То есть вполне очевидно, что А. Ржешевский рассматривал киносценарии как произведения литерату
ры. Такие же, как любые эпические произведения, но, естественно, предназначенные в первую очередь для кинематографа.
И тут позволю себе высказать — с моей точки зрения вполне достоверную — гипотезу.
Историки кино, говоря об эмоциональном сценарии, замыкаются в рамках этой самой истории. Они не выходят за пределы эволюции кинематографа, они отрывают целый вид литературы — киносценарии — от самой литературы. Достаточно почитать статьи и книги наших киноведов и кинокритиков лет минувших и нынешних, чтобы убедиться в этом.
Но ведь нет, видимо, нужды доказывать родство стилей Александра Ржешевского и Александра Малышкина, Ржешевского и Артема Веселого и многих других писателей того времени. Это родство при всем разнообразии писательских индивидуальностей было весьма ощутимо, и заключалось оно прежде всего в их одинаковом отношении к описываемым событиям — к революции и Гражданской войне. Кровь, грязь, страдания, человеческие трагедии этих событий оправдывались — с точки зрения тогдашних советских писателей — величием и высшей справедливостью цели, ради которой и совершались революция и Гражданская война. Да, творчество каждого писателя было индивидуально, но в то же время они — вольно или невольно — следовали общему для них Стилю Эпохи.
Александр Георгиевич Ржешевский был писателем (плохим или хорошим — отдельная тема), писателем своего времени, и, как писатель определенного направления, в сущности, не мог писать иначе. Его сценарии не могли не быть «эмоциональными», потому что, судя по всему, он — опять же, неважно, вольно или невольно — относился к своему сценарному творчеству как к литературному.

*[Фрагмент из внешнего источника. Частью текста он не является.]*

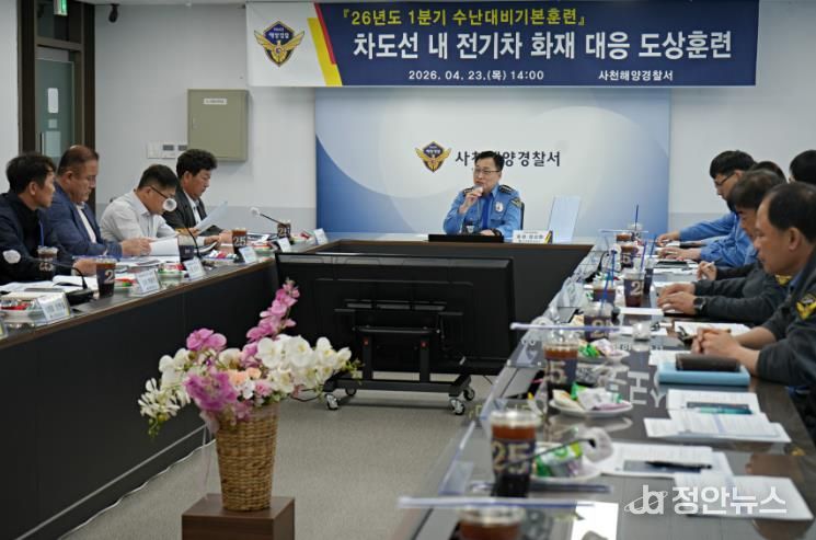 정안뉴스 김재홍 기자 | 사천해양경찰서는 23일 도선 내 전기차 화재 상황을 대비하여 선제적 해양사고 예방과 신속한 구조 대응체계 확립을 위한 수난대비기본훈련을 실시했다고 밝혔다.

Если бы «Двадцать шесть бакинских комиссаров» или «Бежин луг» или любой другой сценарий он задумал как повесть или рассказ, то, вероятнее всего, Ржешевский писал бы их все в той же стилевой «эмоциональной» манере.
Мне кажется, и апологеты (они, увы, появились, когда в них особой нужды не было), и ниспровергатели сценарного творчества А.Г. Ржешевского в силу профессиональных пристрастий совершали (и продолжают совершать) одну ошибку: они отрывают предназначенные для кинематографа сценарии от литературного процесса того времени, когда сценарии создавались. Между тем главная заслуга А.Г. Ржешевского и его единомышленников в том и состоит, что они утвердили сценарное творчество как полноправную разновидность творчества литературного, с литературой неразрывного.
Напомню, АГ. Ржешевский большинство своих киносценариев написал в пору немого кино. Однако споры вокруг его творчества продолжались и тогда, когда фильмы стали звуковыми. Одним из убежденных сторонников эмоционального сценария был известный в свое время драматург В. Вишневский. В частности, по его сценарию, написанному в «эмоциональной» манере, был снят режиссером Е. Дзиганом фильм «Мы из Кронштадта», который все историки киноискусства относят к классике советского кинематографа. В том же ключе В. Вишневским была написана пьеса «Оптимистическая трагедия», поставленная чуть ли не всеми советскими театрами. В 60-е гг. по этой пьесе режиссер С. Самсонов создал свой, может быть самый значительный, фильм (с тем же названием).
Сценарий в нынешнем его виде утвердился с приходом на экран звукового кино. Другое время, другая атмосфера в обществе, другие рамки дозволенного — эмоциональный сценарий исчез из портфелей киностудий. Но и сегодня в работах сценаристов можно встретить эпизоды, написанные в тональности, в какой писал А. Ржешевский. Есть, видимо, не умирающая потребность в умах и сердцах писателей, сочиняющих для экрана, — как можно дальше отойти от «протоколирования лиц».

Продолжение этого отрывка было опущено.